– Я у нее и рта-то не вижу, – огрызнулся Дин, и мы снова все
рассмеялись. Я тоже не заметил у мыши рта, но видел темные крошечные бусинки
глаз, и они мне совсем не казались безумными или бешеными. Они были умными и
любопытными. Когда я отправлял на смерть людей, – людей, имевших
предположительно бес-смертную душу, – они выглядели более тупыми, чем эта мышь.
Она просеменила вверх по Зеленой Миле до точки, находившейся
меньше чем в метре от нашего стола, который не представлял собой ничего
особенного – обычный стол, за какими сидят учителя районной школы. И вот тут
мышь остановилась и с важным видом обвила хвостиком лапки, словно пожилая леди,
расправляющая юбки.
Я сразу перестал смеяться, ощутив холодок, мгновенно
пронизавший меня до костей. Я не знаю, почему я это почувствовал, – никто ведь
не любит выглядеть смешным, но я собираюсь рассказывать и об этом.

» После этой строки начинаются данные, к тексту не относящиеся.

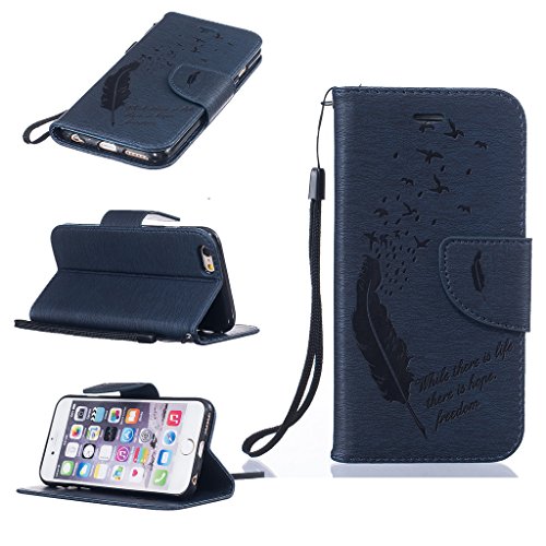 iPhone 6 / iPhone 6s ケース UNEXTATI 高品質 PUレザー 手帳型 ケース 財布型 ウォレット型 衝撃吸収 保護カバー カード収納 ホルダー ストラップ付き 横開 スタンド機能 マグネット開閉式 シリコンカバー 液晶保護 落下防止 防塵 高級 合皮レザー Apple iPhone6 / iPhone6s 用 Case Cover (P8 フェザー)

На секунду я вообразил себя не охранником, а вот этой мышью
– всего лишь еще одним осужденным преступником на Зеленой Миле, который осужден
и приговорен, но все еще в состоянии смело глядеть вверх на стол, возвышающийся
на километры (словно трон Господа в Судный день, который, несомненно, предстоит
увидеть однажды нам всем), и на сидящих за ним гигантов в синей одежде с
низкими тяжелыми голосами. Гиганты эти стреляли в таких из пистолетов ВВ,
гоняли их щетками или ставили ловушки, которые ломали им хребет, пока они
осторожно пробирались к кусочку сыра на медной пластинке.

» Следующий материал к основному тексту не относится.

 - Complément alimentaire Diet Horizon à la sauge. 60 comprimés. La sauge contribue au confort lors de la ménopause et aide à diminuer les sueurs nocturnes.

Щетки около стола не было, но в ведре стояла вращающаяся
швабра, конец которой все еще находился в отжимателе: была моя очередь мыть
зеленый линолеум и все шесть камер, и перед тем, как засесть за бумаги с Дином,
я это сделал. Я увидел, что Дин хочет взять швабру и замахнуться. Я коснулся
его кисти как раз в тот момент, когда его пальцы дотянулись до гладкой
деревянной ручки. «Оставь, пусть будет», – сказал я.
Он пожал плечами и убрал руку. Я понял, что он не более, чем
я, испытывал желание прихлопнуть мышь.
Брут отломил кусочек от бутерброда с солониной и протянул
его через стол вперед, осторожно сжимая двумя пальцами. Мышь посмотрела вверх с
живым интересом, словно уже зная, что это такое. Наверное знала, я видел, как
зашевелились ее усики и дернулся носик.
– Брут, не надо! – воскликнул Дин, потом взглянул на меня. –
Не разрешай ему, Пол! Если он начнет кормить эту зверюшку, то нам придется
накрывать стол для всех четвероногих тварей.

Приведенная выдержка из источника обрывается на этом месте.